**Required action:**
After finding the line that holds "9)宝匣购买时间只有三天,但领取奖励可是十天哦,只要每天登陆就能领取了。" below, set down that line and the rest through the final one exactly, leaving the pictures out.

**Given data:**
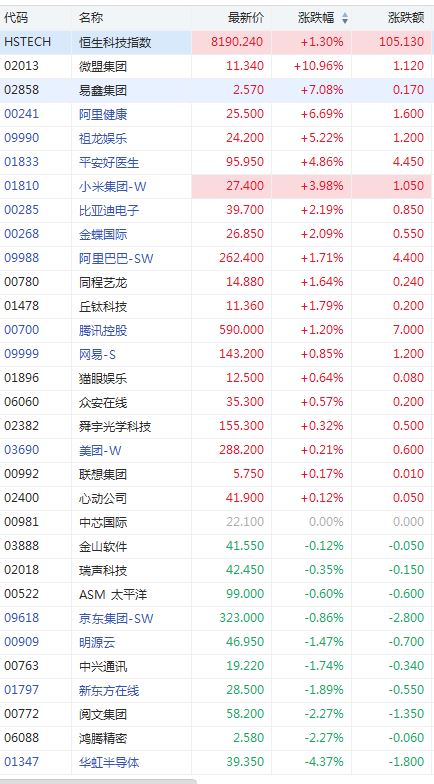 微盟集团大涨10%领涨指数成分股;易鑫集团涨7%;阿里健康涨超6%。
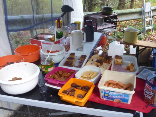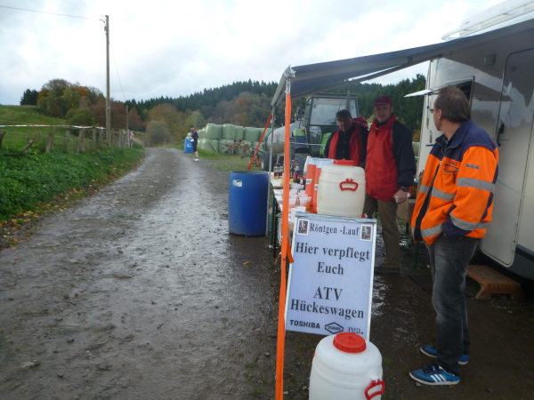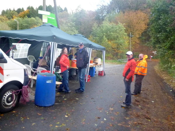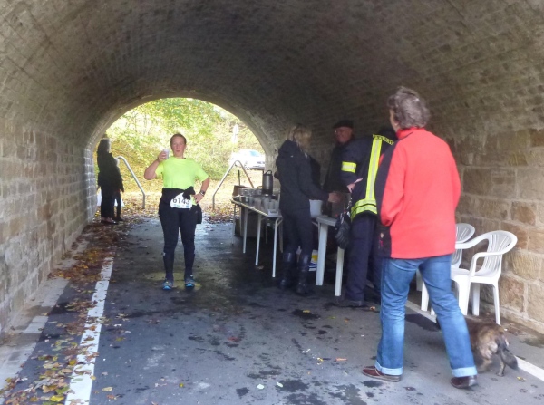 Unten verlassen wir den Wald und kommen auf eine übersichtliche Landstraße. Von weitem kann ich Manuela kämpfen sehen. Als ich vorbei laufe, klagt sie über Magenschmerzen. Oh je, das werden lange restliche 8 km für sie. Wir erreichen die nächste VP. Ein Helfer kommt heran und bietet mir Wasser und Brühe an. Brühe - lecker. Dann erkenne ich, dass ich im Paradies gelandet bin. Es gibt richtiges Essen! Außerdem ist die Truppe echt gut drauf. Ich werde als Schwäbin enttarnt und erfahre, dass einer von ihnen in der Nähe meines Heimatortes gearbeitet hat. Gerne würde ich noch bleiben und mir den Bauch voll schlagen. Aber ich muss weiter. Es geht bergauf. Oben angekommen, sieht man die Feldbachvorsperre, der erste Abschnitt der Wuppertalsperre. Ich weiß nun, dass es nicht mehr weit ist.
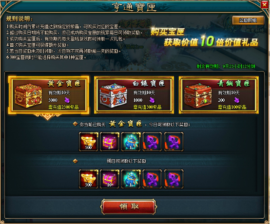 9)宝匣购买时间只有三天,但领取奖励可是十天哦,只要每天登陆就能领取了。
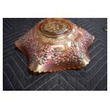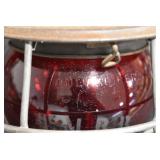 Antique Glassware: 20+ Pieces of Various Colored Carnival Glass, Bumstead’s Worm Syrup Bottle, Green Depression Glass, Ruby Glass, Kobalt Blue Glass, Glass Paper Weights, The “Oeneas” Wash Down Closet County Counsil Pattern Blue and White Porcelain Commode/Lavatory, and Other

**Response:**
 9)宝匣购买时间只有三天,但领取奖励可是十天哦,只要每天登陆就能领取了。
 Antique Glassware: 20+ Pieces of Various Colored Carnival Glass, Bumstead’s Worm Syrup Bottle, Green Depression Glass, Ruby Glass, Kobalt Blue Glass, Glass Paper Weights, The “Oeneas” Wash Down Closet County Counsil Pattern Blue and White Porcelain Commode/Lavatory, and Other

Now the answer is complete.